Dataset records:
--- --- ---
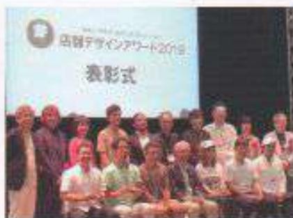
CAFERES JAPAN 2019にて
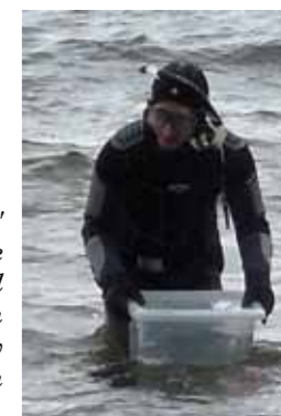
"Sjösättningen" av hajen Grälle följdes med spänning från stranden av alla barn och vuxna.

Öresund består till stor del av mjukbotten, medan det ofta grundare och därmed hårt strömmande vattnet utanför Domsten och Gräläge mestadels glider fram över en fast botten av moränlera och lermorän. Säkert har trålningsförbudet i Öresund från 1932 betytt mycket för Grollegrundets stora artrikedom.
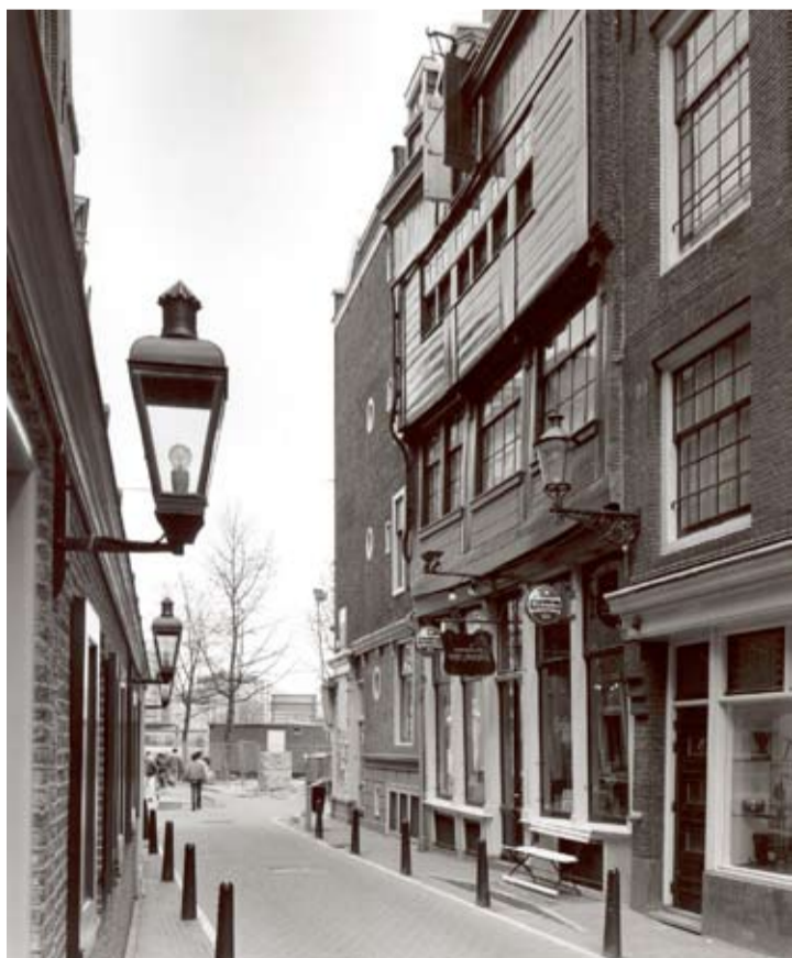
Het Aepgen aan de Zeedijk.

Thijs Boers conservator t.boers@opsolder.nl
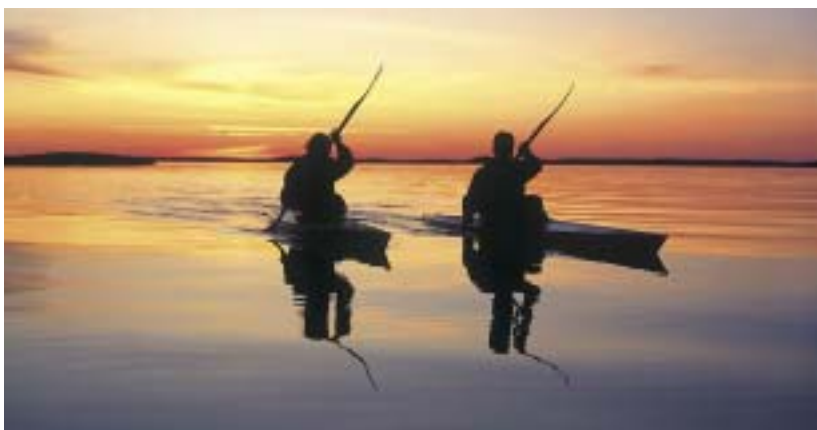
Süstasõit järvel või jõel jätab unustamatu mälestuse. Paki kaasa telk ja magamiskott ning naudi looduse rahu.
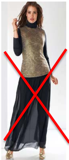
Jupe longue et transparente
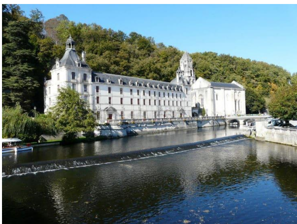
CATTEDRALE DI BRANTOME

Prima colazione in hotel e partenza per Bergerac; dopo breve passeggiata per la città proseguimento per Brantome con visita all'Abbazia. Pranzo libero. Nel pomeriggio visita di Perigueux, capitale del PERIGORD. Duemila anni di storia sono l'origine di un complesso unico nel Périgord: Perigueux la Cité Medievale Rinascimentale, una delle più vaste della Francia, con la Cattedrale Saint-Front iscritta al Patrimonio Mondiale dell'UNESCO e tappa sul cammino per Santiago de Compostela. Cena e pernottamento in hotel a Perigueux
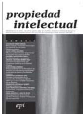
Tabla de Contenido Propiedad intelectual

Mérida, Venezuela. Año V. Nos 8 y 9. Diciembre 2006. ISSN-1316-1164
--- --- ---
**Exercise aim:** What's needed is an exact copy of the records above from the line containing "Thijs Boers conservator t.boers@opsolder.nl" down to the line containing "CATTEDRALE DI BRANTOME", both included, without any pictures.

**Solution to this task:**
Thijs Boers conservator t.boers@opsolder.nl
Süstasõit järvel või jõel jätab unustamatu mälestuse. Paki kaasa telk ja magamiskott ning naudi looduse rahu.
Jupe longue et transparente
CATTEDRALE DI BRANTOME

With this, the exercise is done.